Options may be granted under this Plan only after shareholder approval of this 
Plan.

		4.2	Duration of This Plan.  This Plan shall remain in effect until 
all Shares subject to option grants have been purchased or all unexercised 
options have expired.  Notwithstanding the foregoing, no options may be 
granted pursuant to this Plan on or after the tenth anniversary of this Plan's 
effective date.

		4.3	Amendment of This Plan.  The board of directors may suspend or 
discontinue this Plan or revise or amend it in any respect, provided, however, 
that without approval of a majority of the Company's shareholders no revision 
or amendment shall (i) change the number of Shares subject to this Plan 
(except as provided in Section 4.4), (ii) change the designation of the class 
of directors eligible to participate in the Plan, (iii) change the exercise 
price of the options, or (iv) materially increase the benefits accruing to 
participants under or the cost of this Plan to the Company.  Moreover, in no 
event may Plan provisions be amended more than once every six months, other 
than to comport with changes in the Internal Revenue Code, the Employee 
Retirement Income Security Act, or the rules and regulations thereunder.  No 
amendment, modification, or termination of this Plan shall in any manner 
adversely affect the rights of any director holding options granted under this 
Plan without his or her consent.

		4.4	Changes in Shares.  In the event of any merger, consolidation, 
reorganization, recapitalization, stock dividend, stock split, or other change 
in the corporate structure or capitalization affecting the Shares, appropriate 
adjustment shall be made in the number (including the aggregate numbers 
specified in Section 2.1) and kind of Shares or other securities which are or 
may become subject to options granted under this Plan prior to and subsequent 
to the date of the change.

		4.5	Limitation of Rights.

			4.5.1  No Right to Continue as a Director.  Neither this Plan, 
nor the granting of an option under this Plan, nor any other action taken 
pursuant to this Plan shall constitute or be evidence of any agreement or 
understanding, express or implied, that the Company will retain a director for 
any period of time, or at any particular rate of compensation.

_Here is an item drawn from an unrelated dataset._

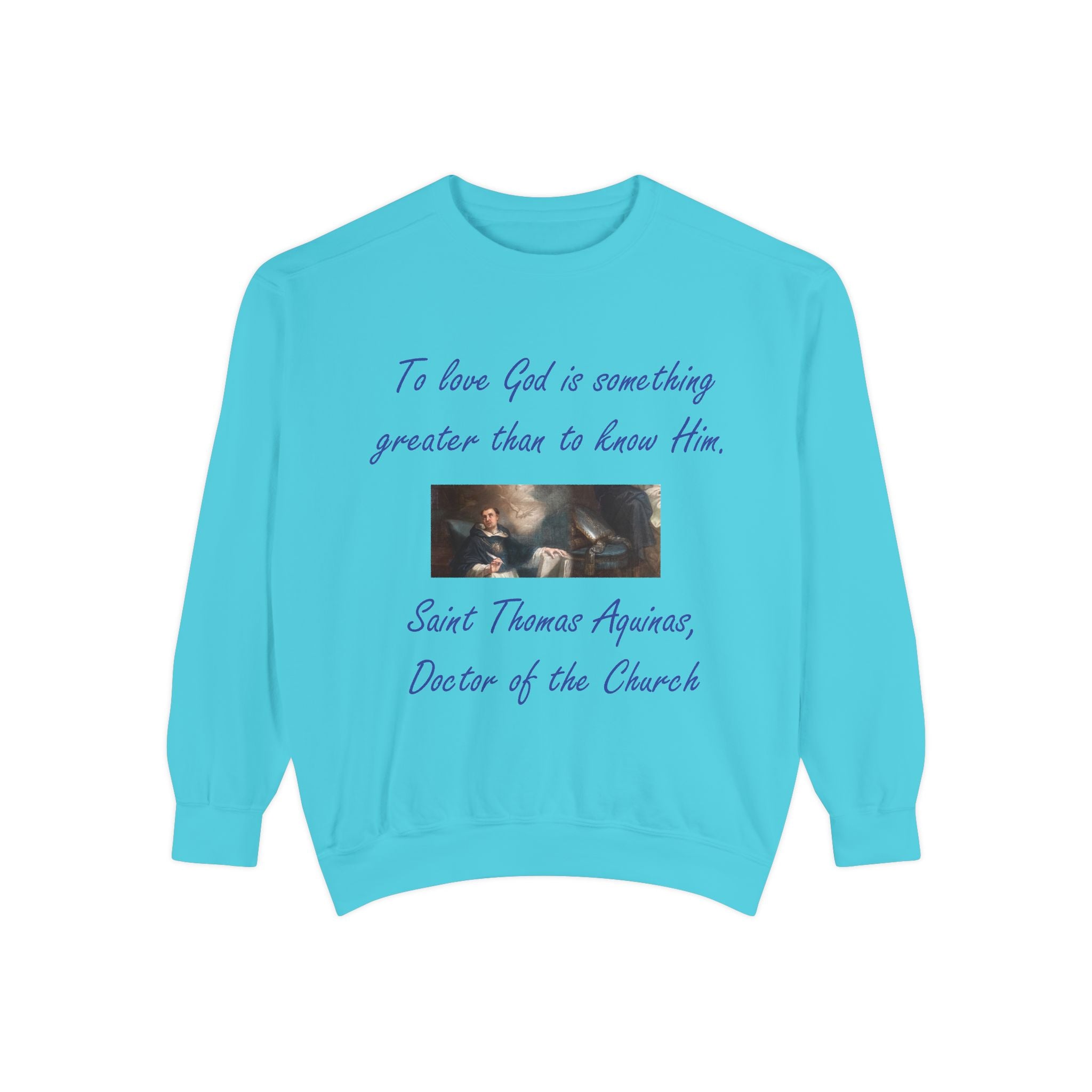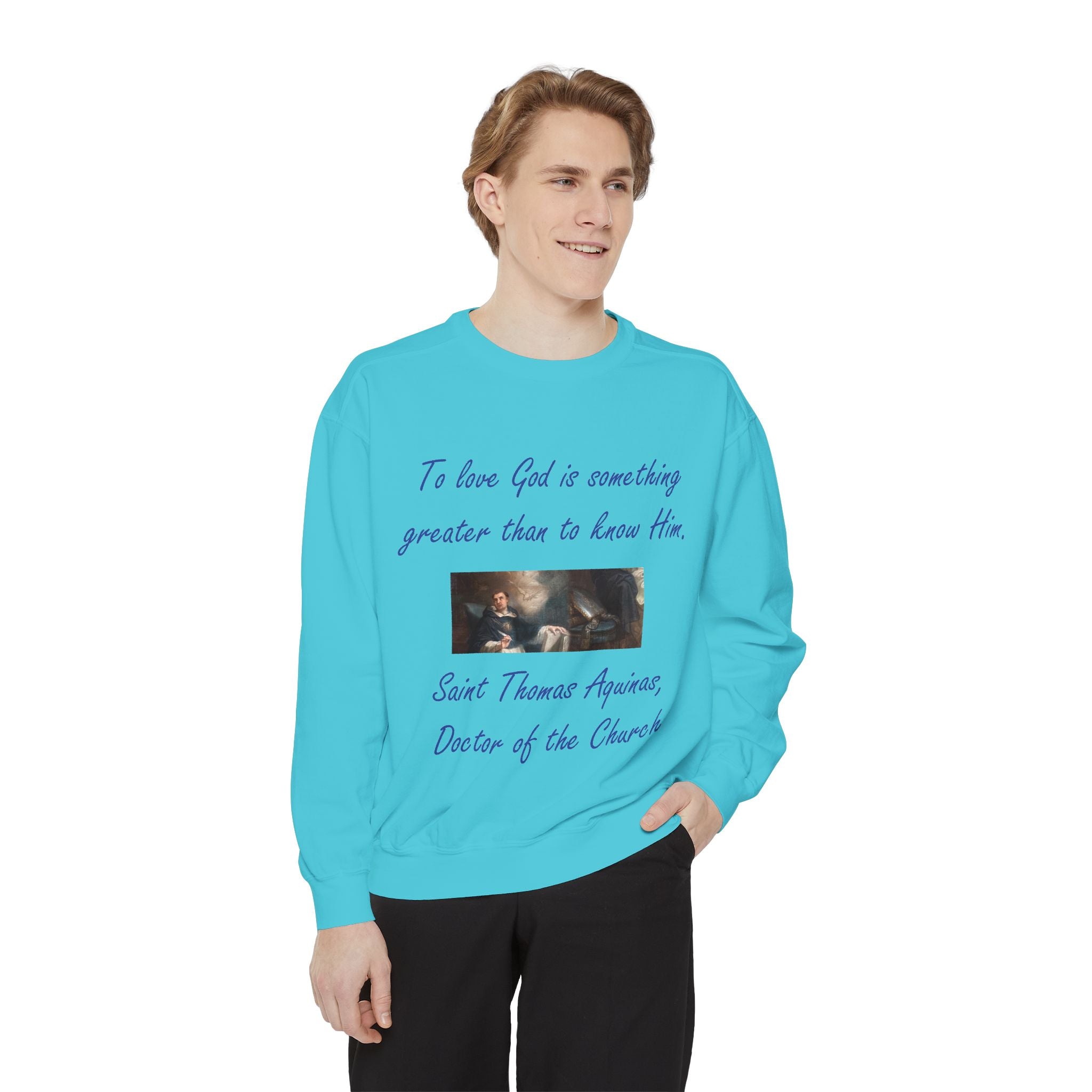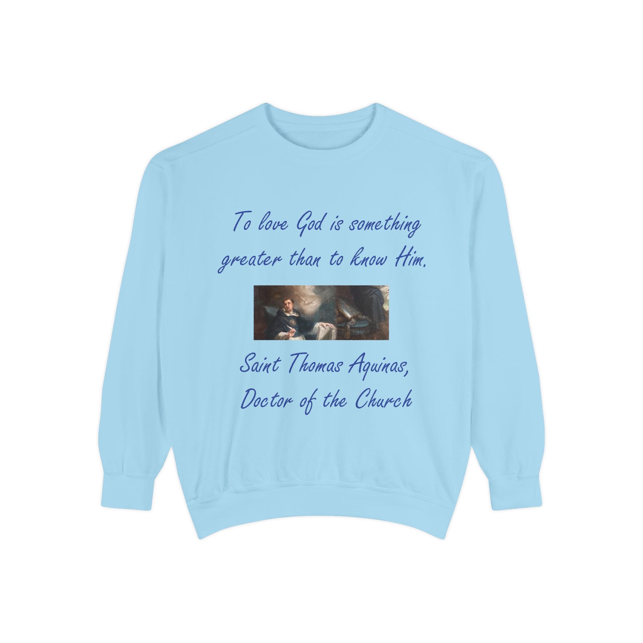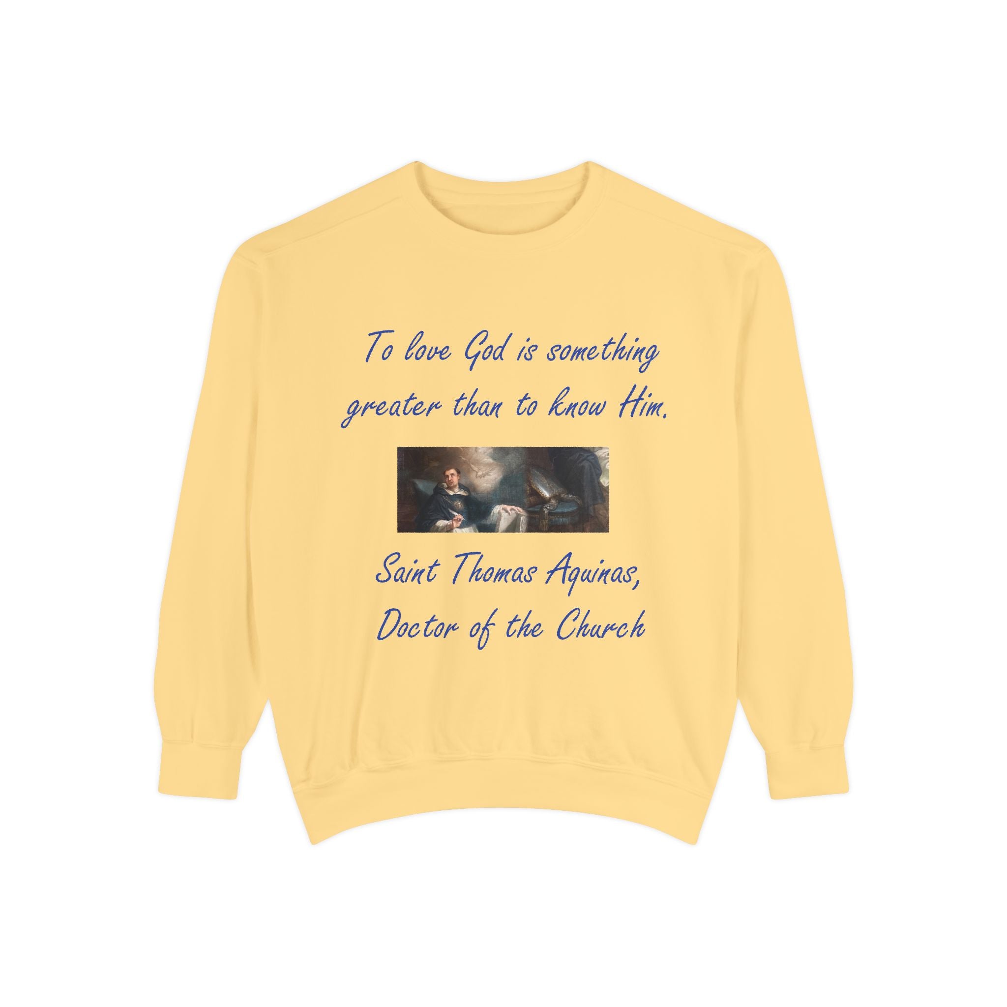 Wrap yourself in comfort and inspiration with this Unisex Sweatshirt, featuring the timeless wisdom of St. Thomas Aquinas: 'To love God is something greater than to know Him.' Crafted from a soft blend of 80% cotton and 20% polyester, this sweatshirt offers a luxurious feel and a relaxed yet chic aesthetic, perfect for cozy evenings at home or casual outings with friends.

			4.5.2  No Shareholders' Rights for Options.  An optionee shall 
have no rights as a shareholder with respect to the Shares covered by his or 
her options until the date of the issuance to him or her of a stock 
certificate therefor.

		4.6	Assignments.  The rights and benefits under this Plan may not 
be assigned except as provided in Sections 3.9 and 3.10.

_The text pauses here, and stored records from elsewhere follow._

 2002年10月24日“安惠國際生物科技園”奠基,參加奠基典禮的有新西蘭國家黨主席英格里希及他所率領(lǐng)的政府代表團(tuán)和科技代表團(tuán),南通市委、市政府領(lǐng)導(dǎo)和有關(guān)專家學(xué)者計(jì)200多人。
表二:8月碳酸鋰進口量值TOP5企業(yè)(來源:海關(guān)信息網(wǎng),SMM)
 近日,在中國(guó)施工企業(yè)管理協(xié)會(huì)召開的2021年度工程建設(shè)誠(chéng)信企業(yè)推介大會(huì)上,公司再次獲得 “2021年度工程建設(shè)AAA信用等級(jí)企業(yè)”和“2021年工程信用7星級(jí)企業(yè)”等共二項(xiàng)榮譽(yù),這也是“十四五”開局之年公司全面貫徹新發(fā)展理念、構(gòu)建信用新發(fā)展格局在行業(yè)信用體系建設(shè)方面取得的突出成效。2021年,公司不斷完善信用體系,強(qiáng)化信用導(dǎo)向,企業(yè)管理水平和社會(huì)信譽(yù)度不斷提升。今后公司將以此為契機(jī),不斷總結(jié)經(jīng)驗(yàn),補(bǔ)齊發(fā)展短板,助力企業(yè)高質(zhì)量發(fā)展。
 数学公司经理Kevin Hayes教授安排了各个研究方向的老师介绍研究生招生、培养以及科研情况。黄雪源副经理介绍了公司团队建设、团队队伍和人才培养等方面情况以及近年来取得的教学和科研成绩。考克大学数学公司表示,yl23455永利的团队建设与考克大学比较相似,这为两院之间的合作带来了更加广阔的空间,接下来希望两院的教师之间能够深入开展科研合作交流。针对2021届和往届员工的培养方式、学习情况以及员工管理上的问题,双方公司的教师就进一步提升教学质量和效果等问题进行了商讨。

		4.7	Notice.  Any written notice to the Company required by any of 
the provisions of this Plan shall be addressed to the secretary of the Company 
and shall become effective when it is received.

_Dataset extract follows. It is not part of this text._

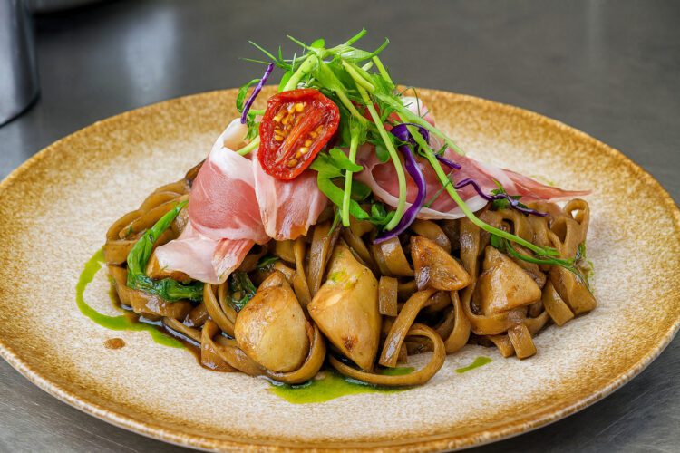 義式手作寬麵搭配鮮嫩火腿與當季蔬菜,呈現《豬露食事》簡樸卻用心的家常味(圖/Medick Marketing Ltd.提供)
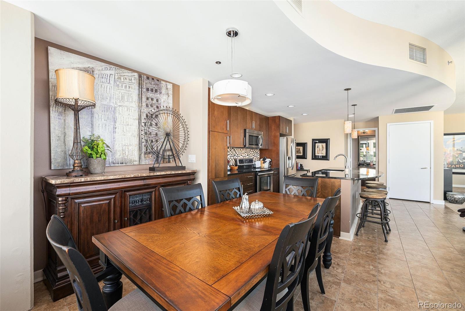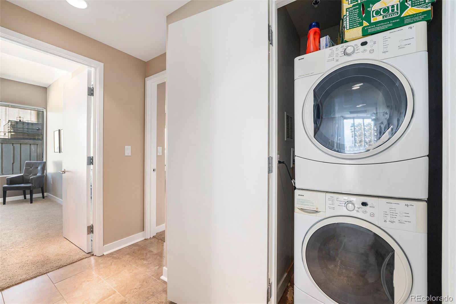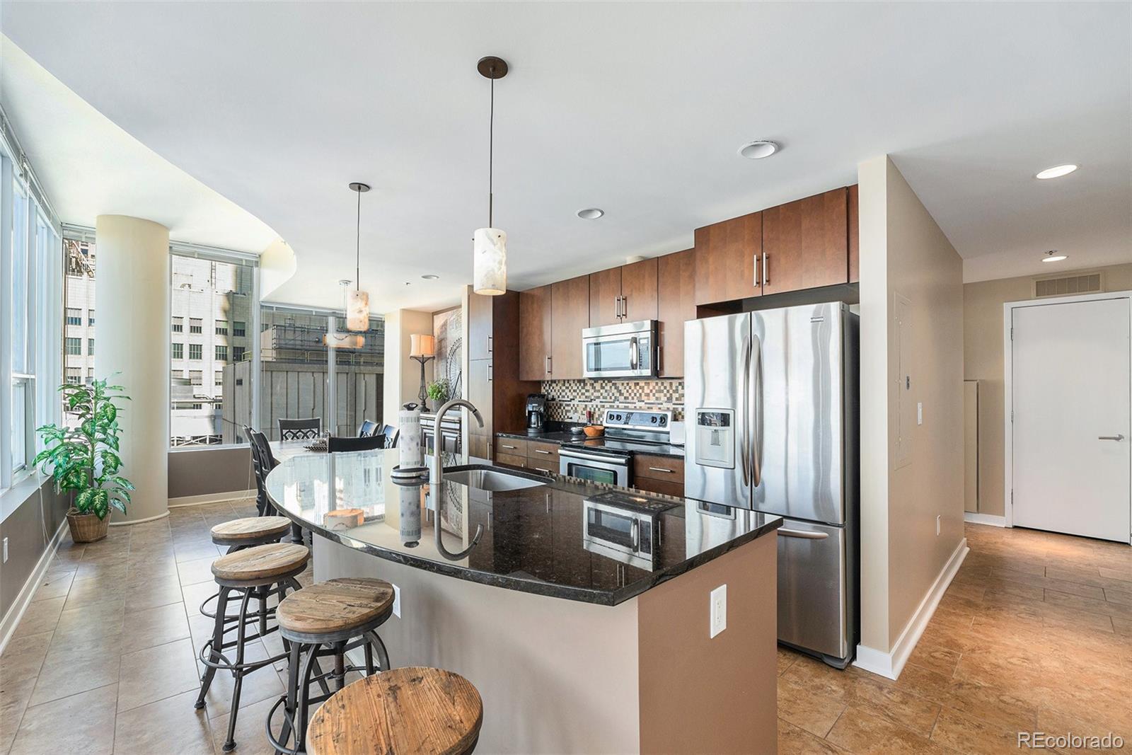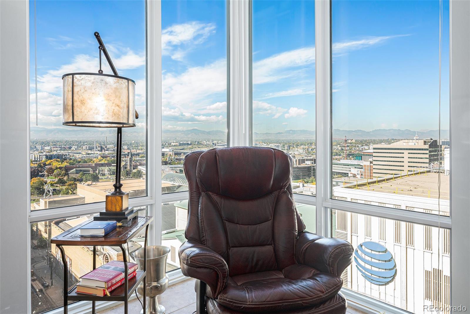 Stylish Downtown Retreat with Floor-to-Ceiling Views. If you want the best view of mountain sunsets in downtown Denver, we are serving it up right here. This rare southwest corner residence at the iconic Spire combines modern design, brilliant natural light, and panoramic views of the city and Front Range. Enjoy an open-concept layout with finished ceilings (not exposed concrete), floor-to-ceiling windows, and a sleek kitchen featuring 42-inch walnut cabinets, stainless steel appliances, and an eye-level microwave. Two spacious bedrooms offer ample closet space, including a primary suite with walk-in closet and five-piece bath. Laundry closet is conveniently tucked into the back hallway. A true downtown retreat where comfort, style, and skyline views meet unforgettable sunsets.

		4.8	Shareholder Approval and Registration Statement.  This Plan 
shall be approved by the Board of Directors and submitted to the Company's 
shareholders for approval.  Any options granted under this Plan prior to 
effectiveness of a registration statement filed with the Securities and 
Exchange Commission covering the Shares to be issued hereunder shall not be 
exercisable until, and are expressly conditional upon, the effectiveness of a 
registration statement covering the Shares.

		4.9	Governing Law.  This Plan and all determinations made and 
actions taken pursuant hereto shall be governed by and construed in accordance 
with the laws of the state of Delaware.